:: EXERCISE DESCRIPTION ::
What's needed is an exact copy of all the data below, without pictures.

:: AVAILABLE DATA ::
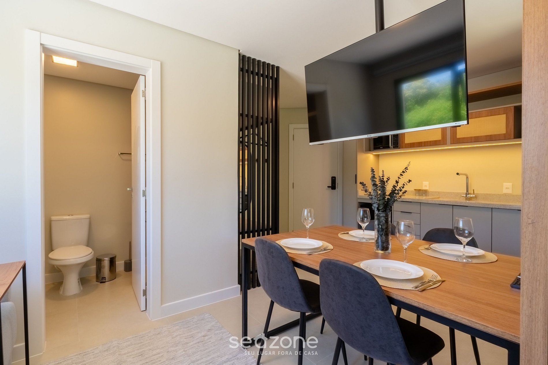 - Espaço para jantar com mesa e 4 cadeiras;
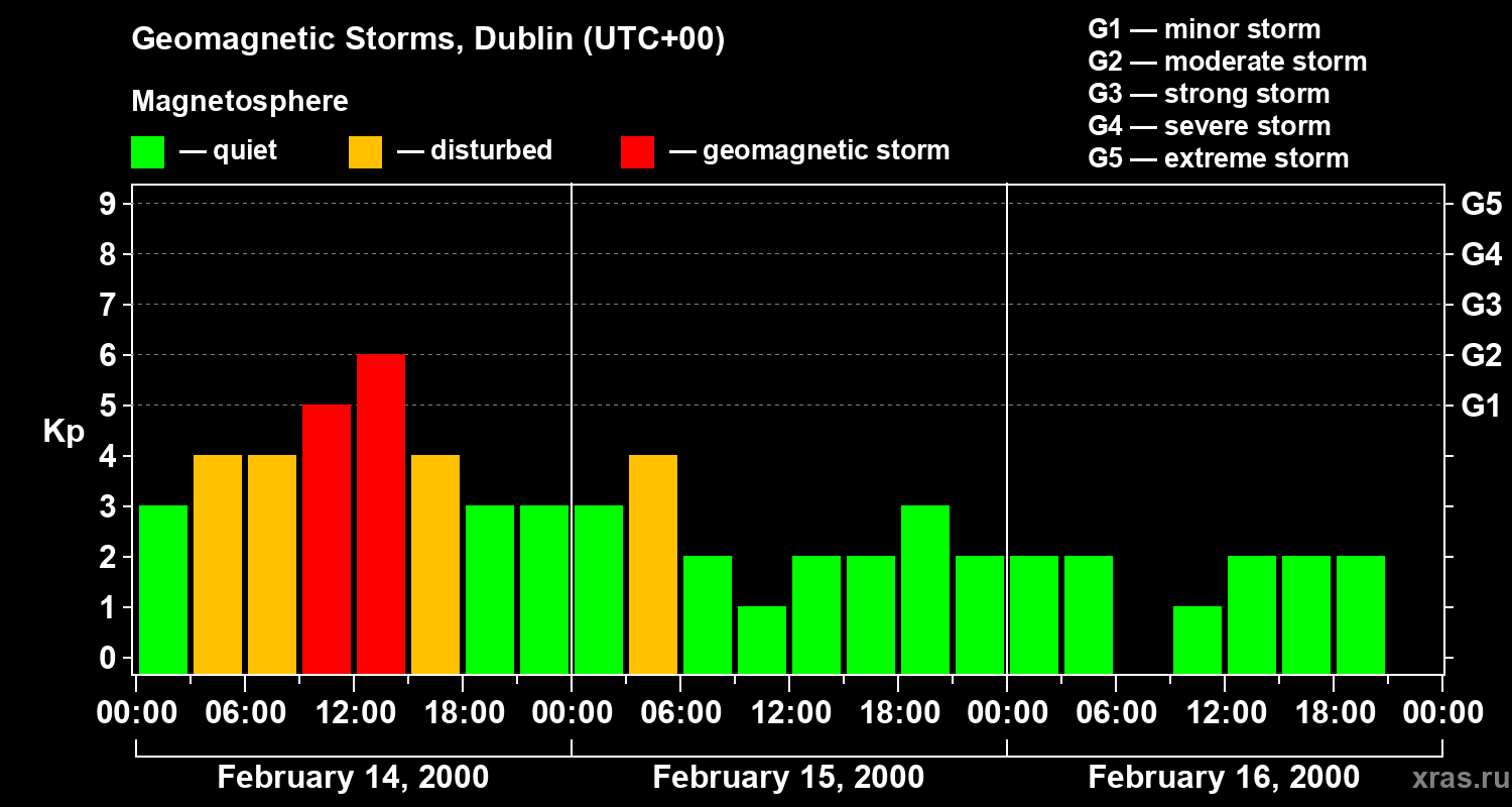 Geomagnetic storms in Dublin on Feb 16, 2000
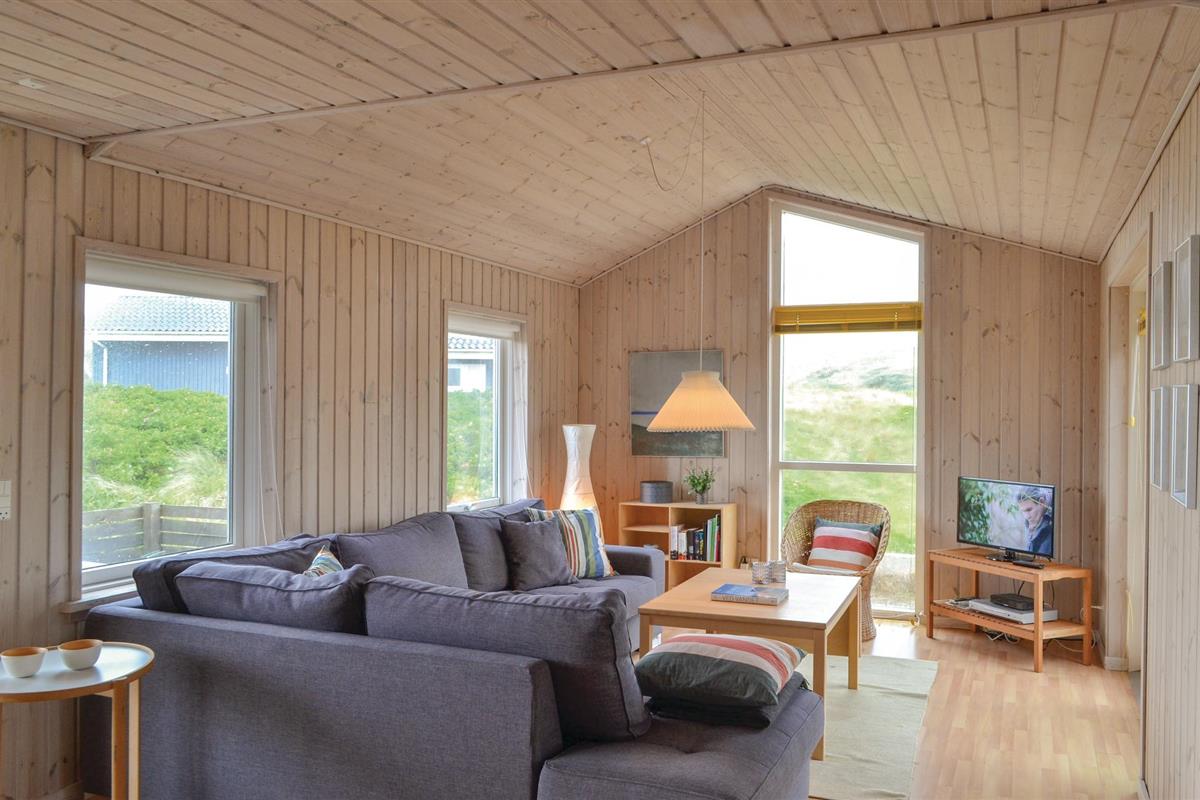 Een zeer mooi en gezellig vakantiehuis op een groot natuurgrondstuk in Årgab, tussen Ringkøbing Fjord en de Noordzee. Slechts 100 m van de Noordzee. De leefruimte is mooi en goed ingericht. Als u de vissershaven in Hvide Sande bezoekt, kunt u kiezen uit verschillende winkels en restaurants. Vissen is zeker succesvol vanaf de sluis. In Hvide Sande is het Fiskeriets Hus, een aquarium met een museum.

:: YOUR RESPONSE ::
 - Espaço para jantar com mesa e 4 cadeiras;
 Geomagnetic storms in Dublin on Feb 16, 2000
 Een zeer mooi en gezellig vakantiehuis op een groot natuurgrondstuk in Årgab, tussen Ringkøbing Fjord en de Noordzee. Slechts 100 m van de Noordzee. De leefruimte is mooi en goed ingericht. Als u de vissershaven in Hvide Sande bezoekt, kunt u kiezen uit verschillende winkels en restaurants. Vissen is zeker succesvol vanaf de sluis. In Hvide Sande is het Fiskeriets Hus, een aquarium met een museum.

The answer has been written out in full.